* **EXERCISE DESCRIPTION**:
Copy exactly, and copy nothing else: the line that contains "The young giant" and all lines after it in the listing, without pictures.

* **SOURCE DATA**:
- - - -

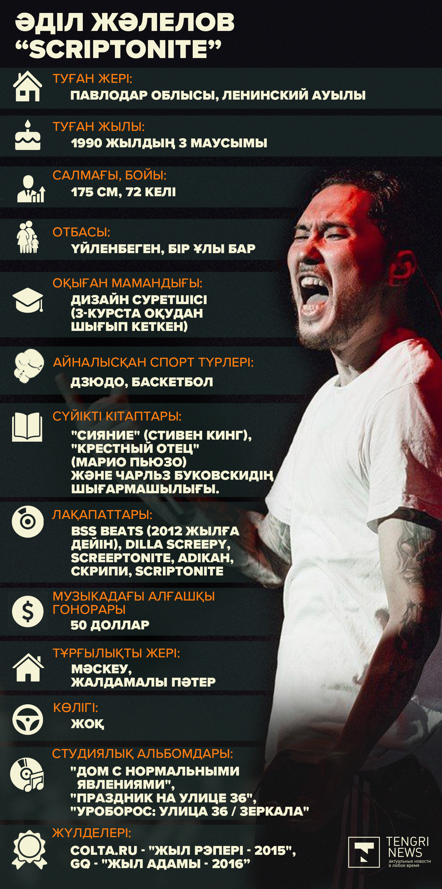 "Президент 2.0" деректі фильмінде Мемлекет басшысы Қасым-Жомарт Тоқаев қазақстандық рэп орындаушы Скриптониттің әндерін тыңдағанын, бірақ кей сөздерін түсінбегенін айтқан болатын. Скриптонит деген кім және ол туралы не білеміз? Тengrinews.kz тілшісі танымал рэпер туралы мәлімет жинады.
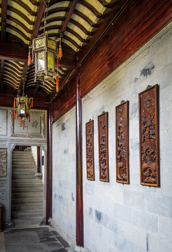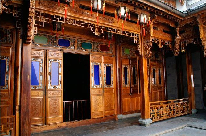 以东侧院落的和乐堂为例,和乐堂柱子用南洋杉、栏杆为紫檀木、格窗用花梨木等制成,每间房都有精美的砖雕门洞,刻画着神仙、动植物等形象。
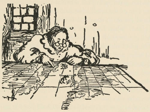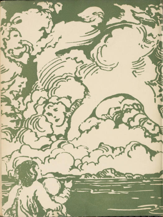 The young giant went on, whistling a little ruefully. Another man passed him, and another,—two or three driving in a tiny cart behind a little animal. Presently they came so thick and fast that Benevaldo had to keep skipping aside to avoid stepping on them. The whole[309] country was dotted with their absurd houses; and he saw now that the green and brown squares must be their fields, and the tiny paths their highways.
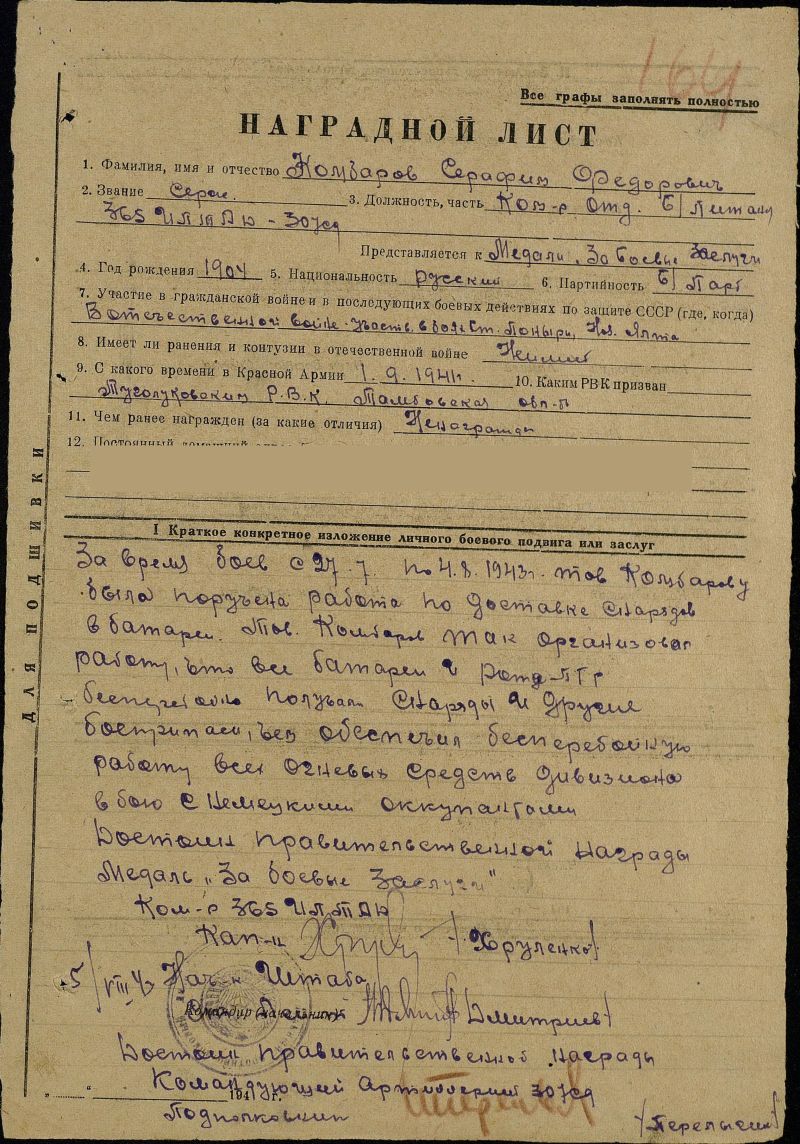 Серафим Федорович мой прадед командир отделения боепитания 365 истребительно-противотанкового артидивизиона 307 стрелковой дивизии Центрального фронта

- - - -

* **ANSWER SPACE**:
 The young giant went on, whistling a little ruefully. Another man passed him, and another,—two or three driving in a tiny cart behind a little animal. Presently they came so thick and fast that Benevaldo had to keep skipping aside to avoid stepping on them. The whole[309] country was dotted with their absurd houses; and he saw now that the green and brown squares must be their fields, and the tiny paths their highways.
 Серафим Федорович мой прадед командир отделения боепитания 365 истребительно-противотанкового артидивизиона 307 стрелковой дивизии Центрального фронта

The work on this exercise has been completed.